Any issuer relying on the temporary rules must provide a prominent and clear disclosure that the offering is being conducted on an expedited basis due to circumstances relating to COVID-19 and pursuant to the SEC’s temporary regulatory COVID-19 relief (in addition to any requirements described above). The temporary relief is effective from May 4, 2020, through March 1, 2021, for securities offerings initiated under Regulation Crowdfunding between May 4, 2020, and August 31, 2020. The SEC indicated that they may choose to extend the time period for which this relief applies if they deem it appropriate, and they could add additional conditions or issue other relief.

Orrick Insight

Companies seeking to raise money pursuant to Regulation Crowdfunding are typically newly formed, early stage companies with limited assets and limited revenue, if any. This method of investment, typically conducted over the internet, is aimed at assisting smaller companies with capital formation by accessing a greater pool of potential investors. This profile means these issuers are not able to raise capital through traditional fundraising routes (or are not willing to incur the related expense). Regulation Crowdfunding is viewed as a low-cost method for startups to sell securities broadly to the public, including nonaccredited investors, but lacks the certainty of more traditional private placements. Regulation Crowdfunding requires companies to engage intermediaries in order to conduct the offering. Intermediaries can be either broker-dealers or funding portals, but both have to register with FINRA and the SEC. As a result of the low fundraising threshold of $1.07 million, on March 4, 2020, the SEC announced that it was considering changes that would raise the maximum amount that can be raised in a crowdfunding offering to $5 million, in effect removing investment limits on accredited investors and making it easier for non-accredited investors to calculate the limits on their investments. It is uncertain when a final rule will be released by the SEC or if the final rule will be revised. More companies may decide to pursue crowdfunding as a method to raise capital as a result of the temporary relief by decreasing the public audit barrier, at least temporarily, and to potentially access capital more quickly.

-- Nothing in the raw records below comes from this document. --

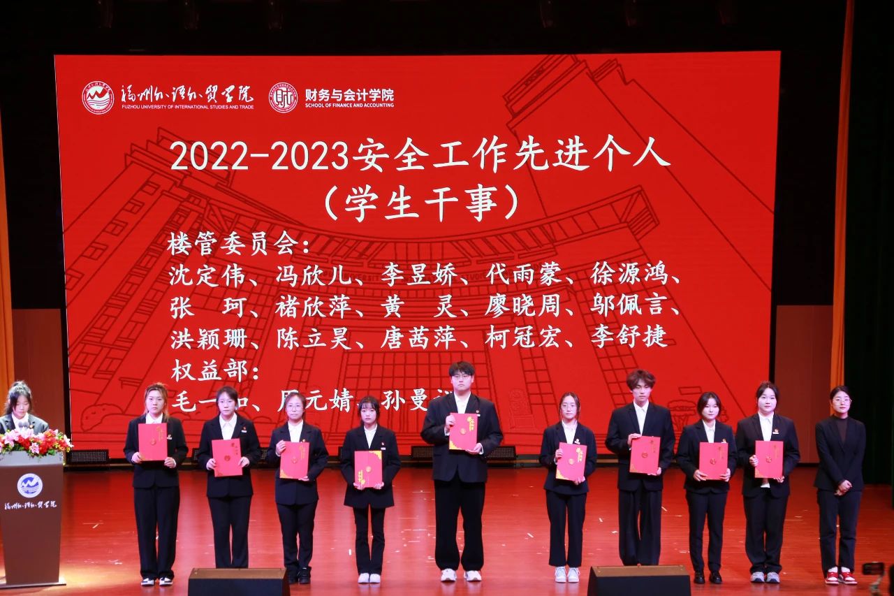 刘佳佳宣读《关于表彰2022-2023学年财务与会计学院楼管委员会和权益部优秀学生干部、优秀干事的决定》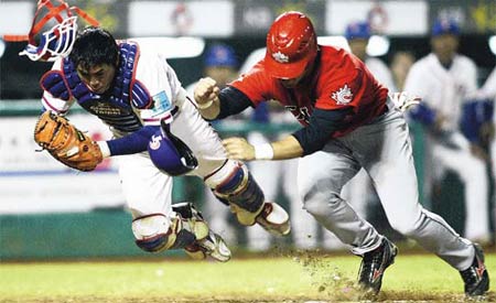 八局上,加拿大隊的凡歐斯崔德借隊友安打掩護(hù),想從二壘直沖本壘,中國臺北隊右外野手張建銘長傳又快又準(zhǔn),捕手葉君璋已等在本壘板前,不料凡歐斯崔德靠著一米九三、一百零二公斤壯碩身材,用兩手肘猛撞,把葉君璋彈開,葉全力護(hù)球,還是觸殺出局。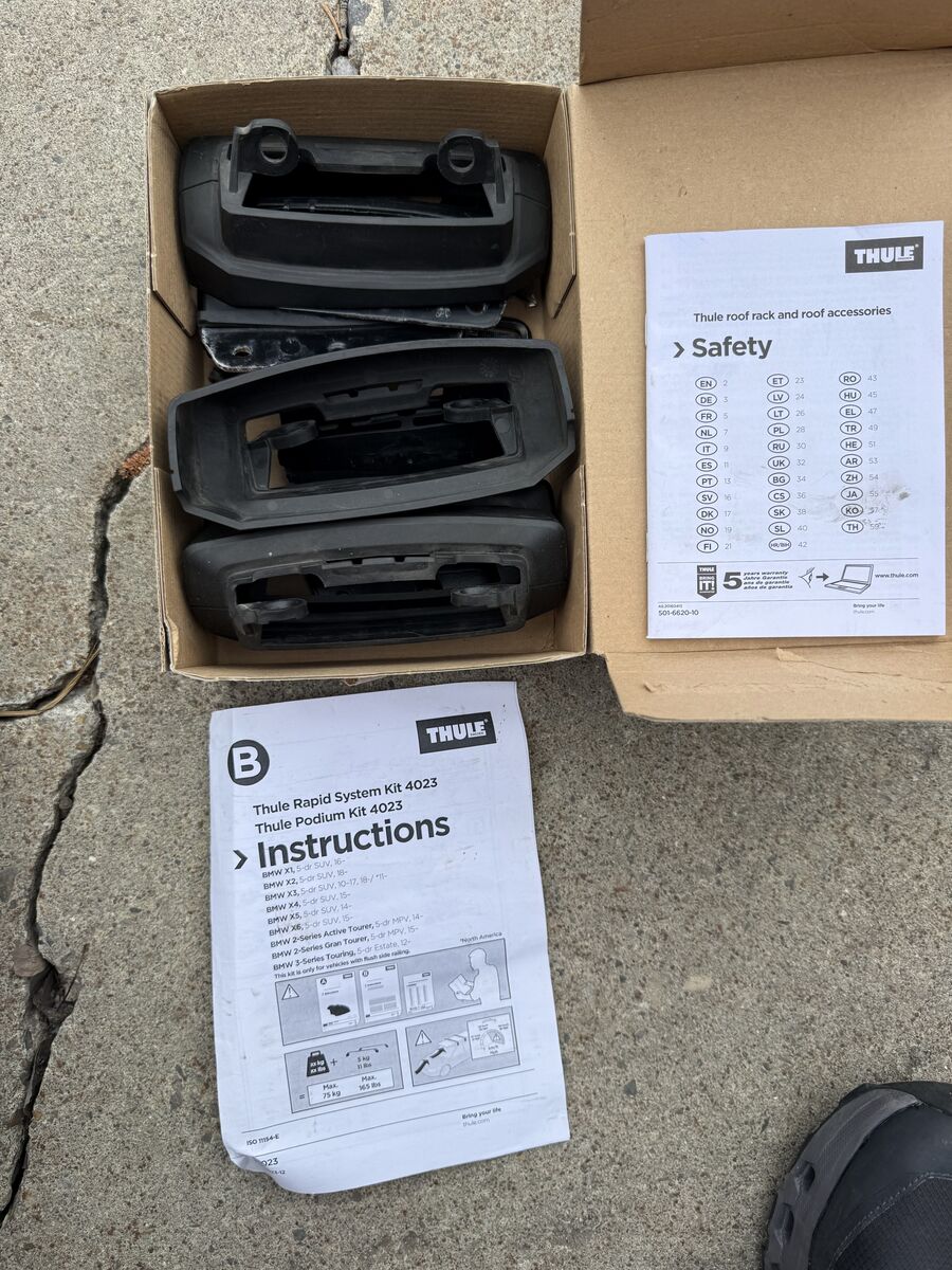 ZelleTitle says it all. These are in great shape, just don't fit my newer vehicle. 4023 feet should fit older BMW X5's and others. This setup new is over $800. Pickup in Park City. Cash or Venmo.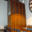 Die gesamte Orgel steht in einem Schwellkasten mit Plexiglasflügeln und ist somit auch als Continuoinstrument sehr gut verwendbar.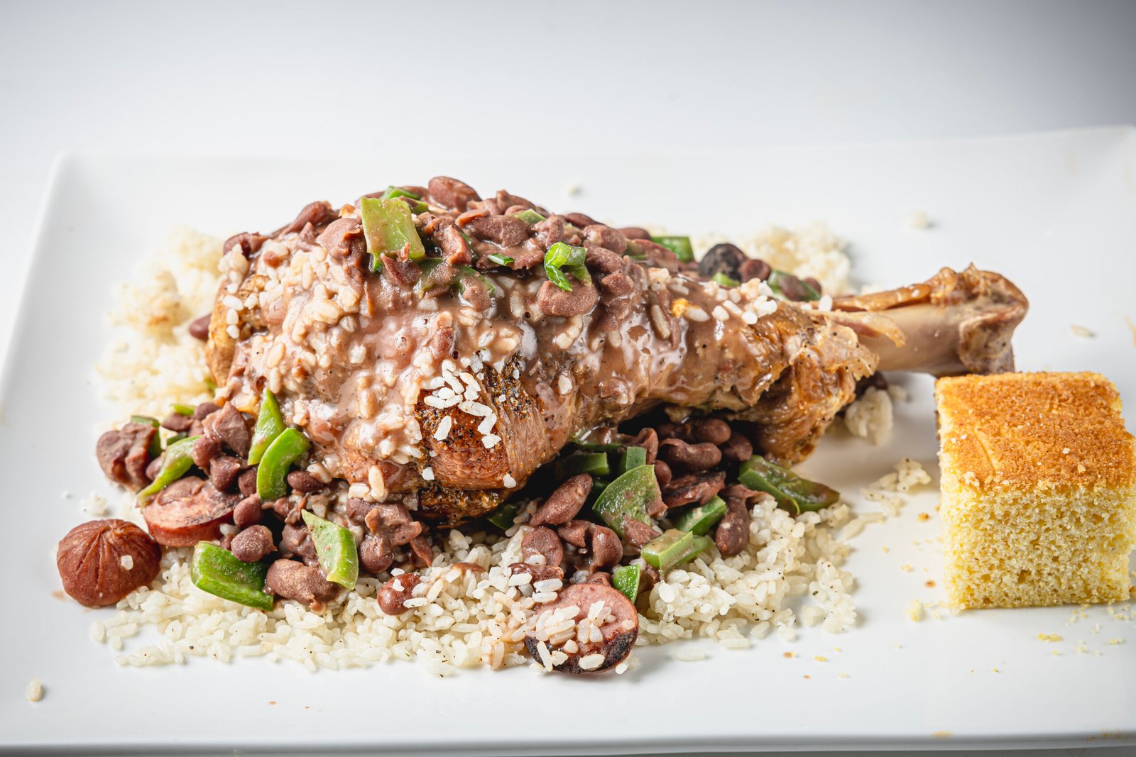 Experience the best of Southern comfort food with our Jambalaya Stuffed Turkey Leg. This hearty dish features a tender, smoky turkey leg stuffed with a mouthwatering jambalaya mix, including savory rice, seasoned sausage, and a perfect blend of spices. Roasted to perfection, the turkey leg is juicy on the outside while the jambalaya filling delivers a burst of flavor in every bite. Whether you’re craving something bold, savory, or unique, this dish is a true culinary delight that combines two Southern favorites in one unforgettable meal.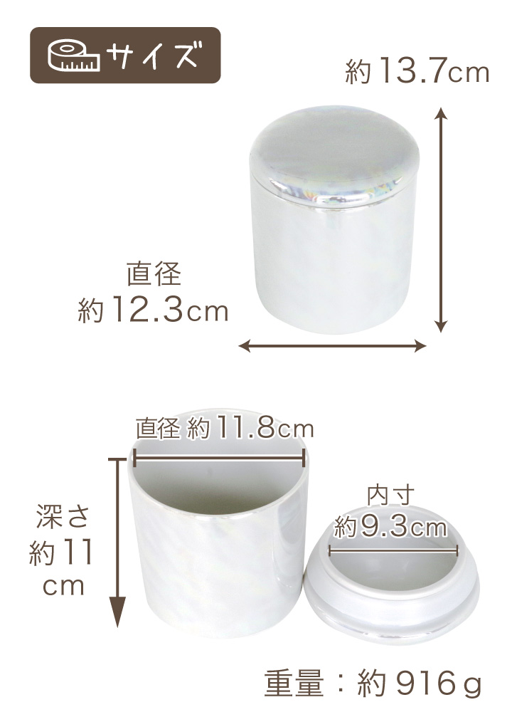 外寸 高さ 約13.7cm×直径 約12.3cm 内寸 深さ 約11cm×直径 約11.8cm 蓋の内寸 直径約9.3cm 重量 約916g |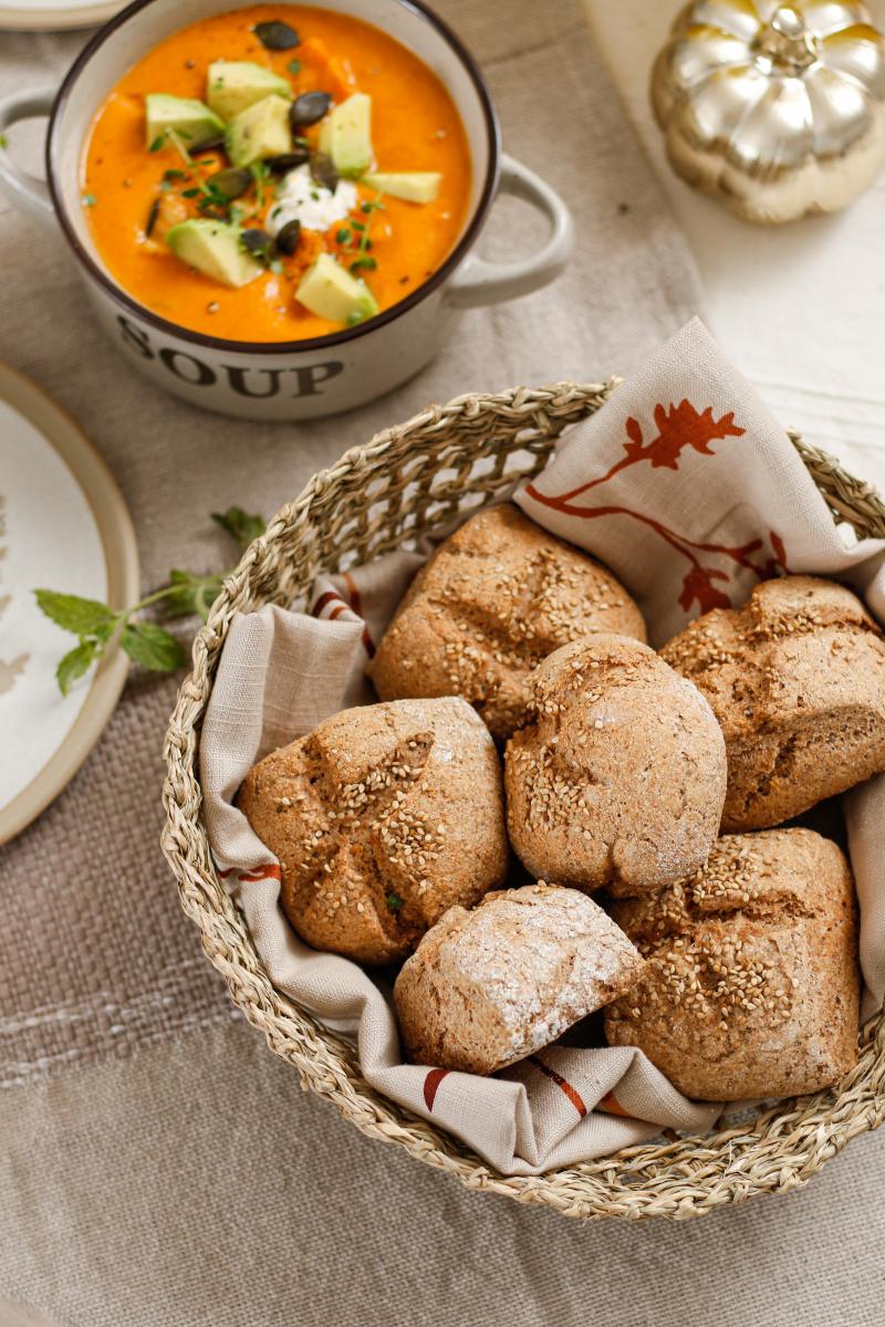 Diese hübschen Brötchen sind in Nullkommanix zusammengerührt und backen sich fast von selbst. Wie sonst so oft bei Roggenbrötchen brauchen wir hier keinen Sauerteig – so steht dem spontanen Brötchenbacken nichts im Wege. Nur ein paar Zutaten, die ich immer im Vorratsschrank habe, werden zu einem eher weichen Teig verknetet und nach gut einer Stunde sind die Brötchen schon im Ofen. Das hört sich doch vielsprechend an und ist es auch.

A helpful chart from the SEC outlining the temporary rules is available in this SEC press release.

Please contact any member of Orrick’s Technology Companies Group for assistance with any crowdfunding or related offering questions.



[1] The temporary exemption is not available to companies that are disqualified under Regulation Crowdfunding’s disqualification rules, reporting companies, non-U.S.-based issuers, investment companies, blank check companies and companies that have failed to file annual reports as required by Regulation Crowdfunding during the two years immediately prior to commencement of the offering.